Но в смерть Макаренко не верилось… Руслан раз за разом мотал головой и яростно шептал:
– Нет! Нет! Только не она!
Внизу Озимов с силой толкнул ржавую железную дверь подъезда и выбежал на улицу, где попал прямо в руки успевших прибежать после выстрелов девушки охранников атамана. Какой-то мужик, шедший первым, успел схватить мальчика за руку, вывернуть и крепко прижать Руслана к себе. Тут же раздался выстрел, и наглец упал, а несчастный пацан побежал через улицу, стараясь увильнуть от пытавшихся его схватить мужиков.

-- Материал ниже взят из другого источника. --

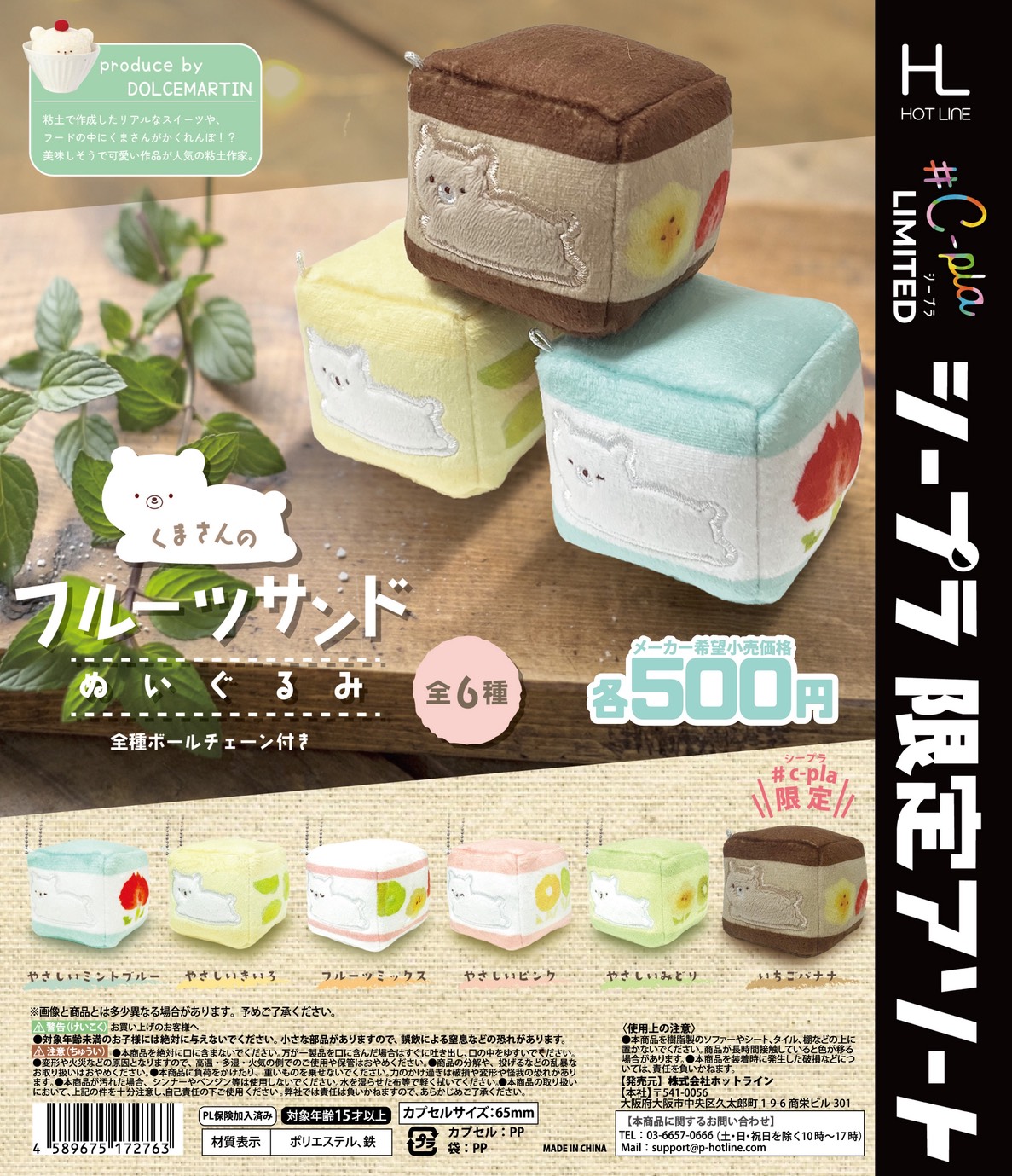 粘土作家DOLCEMARTINさん(@MARTIN_ron3)のくまさんフルーツサンドがぬいぐるみになって登場!

В это время из здания выбежал Спасский и, увидев, как семь вооруженных жлобов не могут поймать мальчишку, заорал:
– Огонь! Стреляйте! Стреляйте! – Константин остановился рядом с начальником охраны – Федором Ковылем.
– Что-то пошло не так, майор? – поинтересовался Ковыль, мотнув головой вверх. Мужики открыли беспорядочный огонь по убегающему Руслану, и Спасский сузившимися от злости глазами следил за маленьким негодником, пока тот не скрылся за забором на той стороне улицы. Потом мужчина повернулся к Федору.

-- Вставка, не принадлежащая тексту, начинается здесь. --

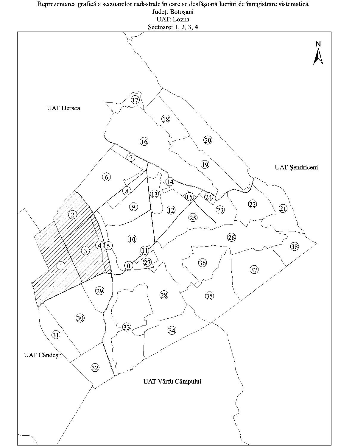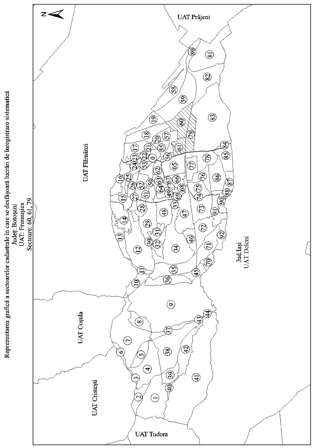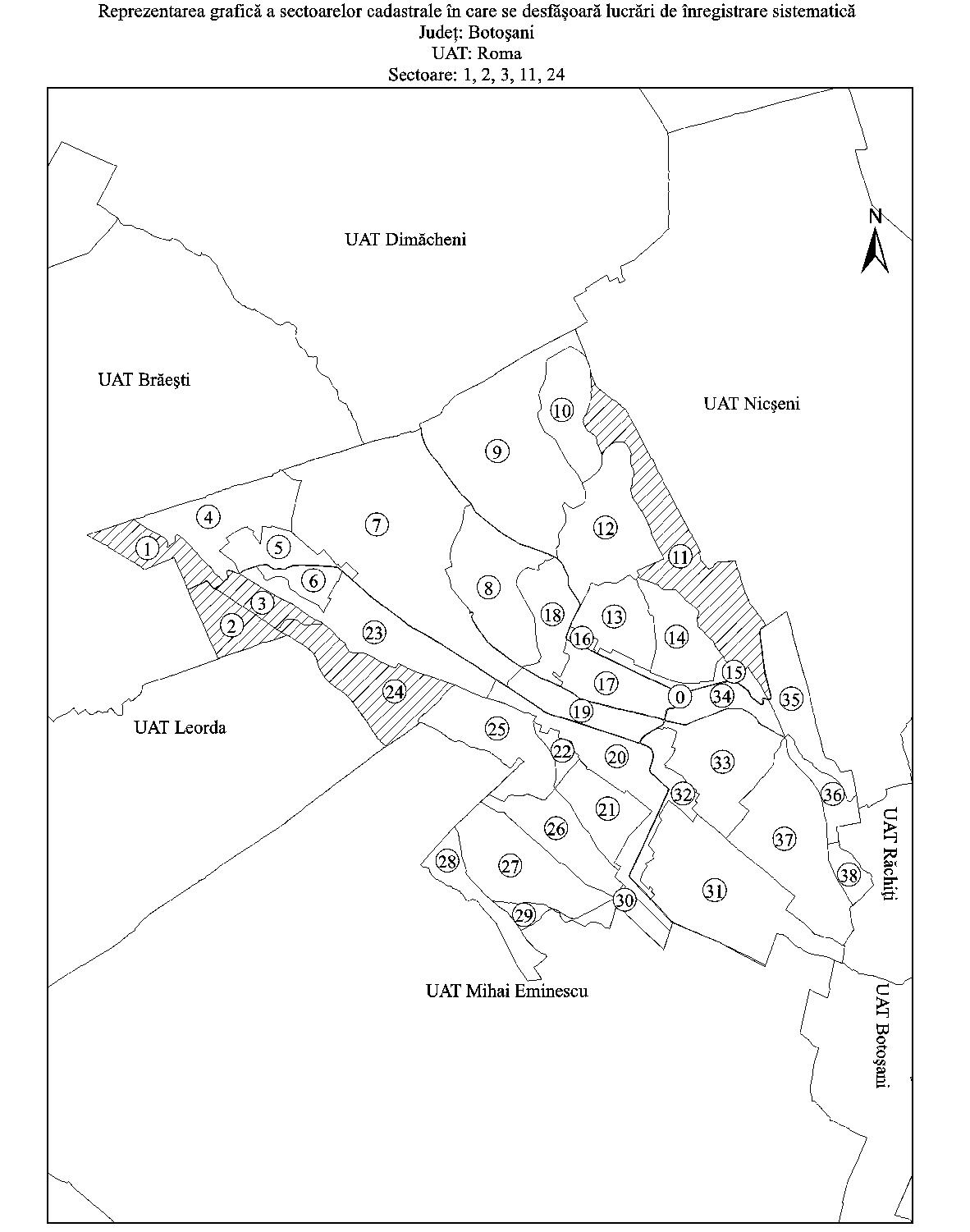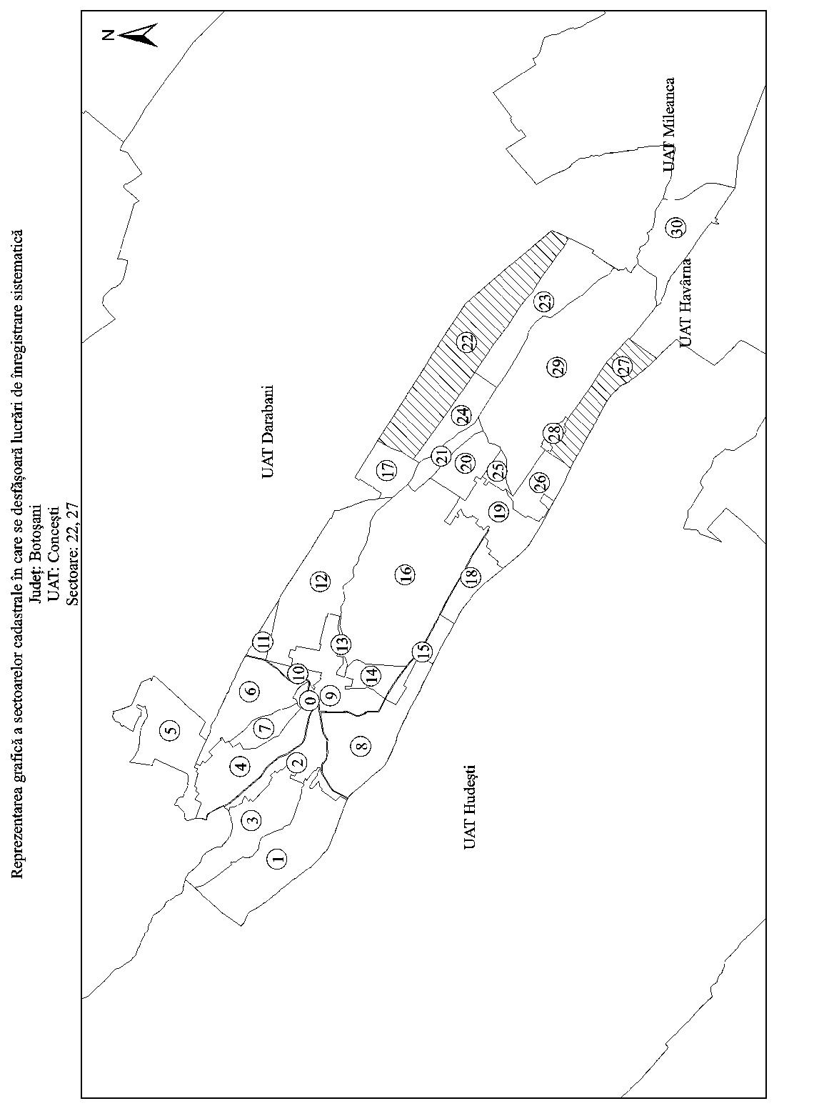 Având în vedere prevederile art. 11 alin. (1) din Legea cadastrului şi a publicităţii imobiliare nr. 7/1996, republicată, cu modificările şi completările ulterioare,în temeiul art. 3 alin. (13) din Legea cadastrului şi a publicităţii imobiliare nr. 7/1996, republicată, cu modificările şi completările ulterioare,directorul general al Agenţiei Naţionale de Cadastru şi Publicitate Imobiliară emite prezentul ordin. Articolul 1Se aprobă începerea lucrărilor de înregistrare sistematică a imobilelor, pe sectoare cadastrale, situate pe teritoriul a 18 unităţi administrativ-teritoriale din judeţul Botoşani, după cum urmează: a)unitatea administrativ-teritorială Cândeşti - sectoarele cadastrale nr. 10, 11, 12, 13, 15, 17, 18, 36 şi 37; b)unitatea administrativ-teritorială Conceşti - sectoarele cadastrale nr. 22 şi 27; c)unitatea administrativ-teritorială Corlăteni - sectorul cadastral nr. 18; d)unitatea administrativ-teritorială Coţuşca - sectoarele cadastrale nr. 1, 3, 6, 51, 54, 56, 65, 66, 69, 73, 77, 78, 82, 84, 88, 89 şi 91; e)unitatea administrativ-teritorială Cristineşti - sectoarele cadastrale nr. 16, 17 şi 19; f)unitatea administrativ-teritorială Curteşti - sectoarele cadastrale nr. 44 şi 45; g)unitatea administrativ-teritorială Frumuşica - sectoarele cadastrale nr. 60, 61 şi 79; h)unitatea administrativ-teritorială Hilişeu-Horia - sectoarele cadastrale nr. 24, 25, 26 şi 28; i)unitatea administrativ-teritorială Ibăneşti - sectoarele cadastrale nr. 15 şi 44; j)unitatea administrativ-teritorială Lozna - sectoarele cadastrale nr. 1, 2, 3 şi 4; k)unitatea administrativ-teritorială Păltiniş - sectoarele cadastrale nr. 42, 46, 53 şi 54; l)unitatea administrativ-teritorială Răchiţi - sectoarele cadastrale nr. 8, 9,10 şi 11; m)unitatea administrativ-teritorială Rădăuţi-Prut - sectoarele cadastrale nr. 28, 34, 36, 37 şi 59; n)unitatea administrativ-teritorială Răuseni - sectoarele cadastrale nr. 20, 21, 22, 23, 24, 25, 26 şi 44; o)unitatea administrativ-teritorială Roma - sectoarele cadastrale nr. 1, 2, 3, 11 şi 24; p)unitatea administrativ-teritorială Todireni - sectoarele cadastrale nr. 55, 56 şi 63; q)unitatea administrativ-teritorială Vârfu Câmpului - sectoarele cadastrale nr. 29 şi 30; r)unitatea administrativ-teritorială Viişoara - sectoarele cadastrale nr. 40 şi 42. Articolul 2Reprezentarea grafică a sectoarelor cadastrale în care se desfăşoară lucrările de înregistrare sistematică a imobilelor este prevăzută în anexele nr. 1-18 la prezentul ordin. Articolul 3Anexele nr. 1-18*) fac parte integrantă din prezentul ordin.*) Anexele nr. 1-18 sunt reproduse în facsimil. Articolul 4Prezentul ordin se publică în Monitorul Oficial al României, Partea I. Directorul general al Agenţiei Naţionale de Cadastru şi Publicitate Imobiliară, Radu-Codruţ Ştefănescu ANEXA Nr. 1

– Все путем, – сказал он. – Как атаман? Я успел спасти его?
– Увы, – показательно печально покачал головой начальник охраны. – И Арушуков, и отец Григорий погибли. Снайпер успел сделать свое дело.
– Полагаю, – кивнул Спасский, – теперь я тут отдаю приказы?
– Если докажешь, что не ты стрелял по Арушукову, – пожал плечами Ковыль, потом вызывающе посмотрел на майора – для начальника охраны и остальных нефтяников Спасский все еще оставался майором.
– Отправь за мальчишкой пару мужиков и пойдем со мной, – Константин указал рукой за угол дома, куда предположительно упали Гвоздь с Совой. – Я покажу тебе снайпера!
Федор несколько долгих секунд молчал, оценивая слова Спасского, а потом махнул рукой двум крайним мужикам.
– Михайлов! Орешко! Дуйте за мальчишкой! Нам важно поймать его и допросить! Очень интересно, что этот гад скажет! – Ковыль пристально смотрел в светлые глаза Константина, но на лице того не дрогнул ни один мускул. Спасский лишь еще раз кивнул, приглашая Федора последовать за доказательствами своей невиновности в смерти атамана. И надо признать, они у него были…
Глава 13. Непорядок
К ночи грозные черные тучи разошлись и выглянули яркие, надменные звезды. Они свысока молчаливо наблюдали за маленькой точкой, быстро мчащейся по Ярославскому тракту в направлении областного центра. В обступившей двух детей на снегоходе темноте прятались развалины деревенек и поселков, изредка мелькая в свете фар то скособоченным, покинутым деревянным домом, то одинокой посеревшей пятиэтажкой.
Ни огонька на всем пути следования, ни человека, ни твари. Лютый холод спустился с почерневших небес и разогнал всех по норам и схронам, по иллюзорным убежищам, которые вроде укрывали людей, но гарантии защиты от смерти не давали. В этом мире ничто не гарантировало жизни. И лишь одинокая движущаяся точка свидетельствовала, что не все так плохо и заморили не всех. Еще есть жизнь в ярославских пустошах, и она потихоньку развивается, вместо того чтобы исчезнуть окончательно.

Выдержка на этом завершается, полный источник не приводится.